# NLP examples
> Using Python and different NLP techniques to predict disatser tweets

- toc: true 
- badges: true
- comments: true
- categories: [NLP, fastai, zero-shot, scikit learn, bag of words, Python, kaggle]

![](ghtop_images/header2.png)

## [Competition Description](https://www.kaggle.com/competitions/nlp-getting-started)

Twitter has become an important communication channel in times of emergency.
The ubiquitousness of smartphones enables people to announce an emergency they’re observing in real-time. Because of this, more agencies are interested in programatically monitoring Twitter (i.e. disaster relief organizations and news agencies).

But, it’s not always clear whether a person’s words are actually announcing a disaster. 


### Data

You'll need train.csv, test.csv and sample_submission.csv.
What should I expect the data format to be?
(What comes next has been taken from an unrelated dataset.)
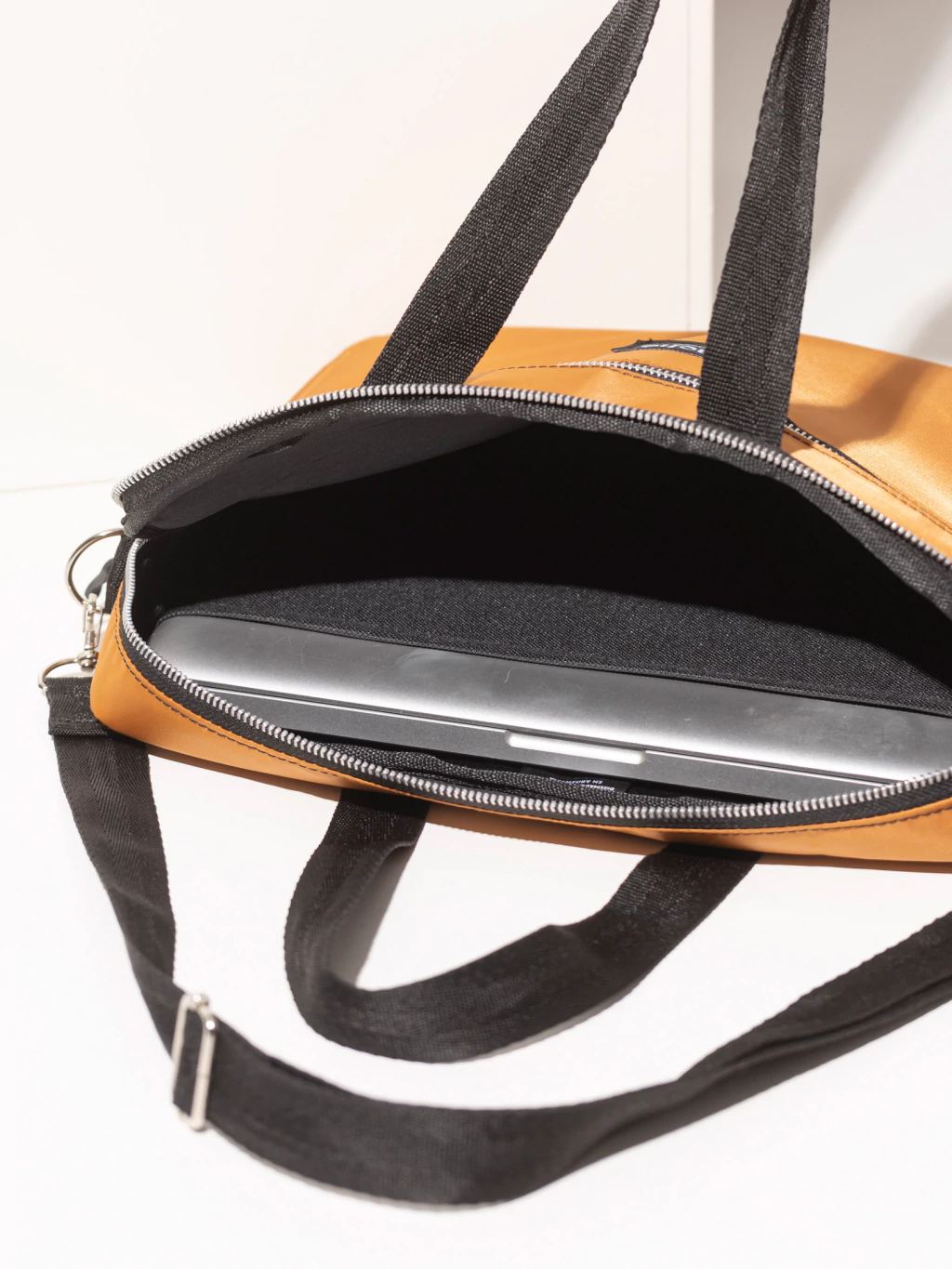 Confeccionado en lona satinada impermeable, con interior de neoprene acolchonado para proteger tu notebook.

Each sample in the train and test set has the following information:

- The text of a tweet
- A keyword from that tweet (although this may be blank!)
- The location the tweet was sent from (may also be blank)

What am I predicting?

You are predicting whether a given tweet is about a real disaster or not. If so, predict a 1. If not, predict a 0.
Files

- `train.csv` - the training set
- `test.csv` - the test set
- `sample_submission.csv` - a sample submission file in the correct format

Columns

- `id` - a unique identifier for each tweet
- `text` - the text of the tweet
- `location` - the location the tweet was sent from (may be blank)
- `keyword` - a particular keyword from the tweet (may be blank)
- `target` - in train.csv only, this denotes whether a tweet is about a real disaster (1) or not (0)



## Analysis methods used

Code used for the threee methods:
- https://www.kaggle.com/code/thomassimm/nlp-disaster-tweets-one-shot
- https://www.kaggle.com/code/thomassimm/nlp-disaster-scikit
- https://www.kaggle.com/code/thomassimm/nlp-disaster-nn

### [one-shot](https://www.kaggle.com/code/thomassimm/nlp-disaster-tweets-one-shot)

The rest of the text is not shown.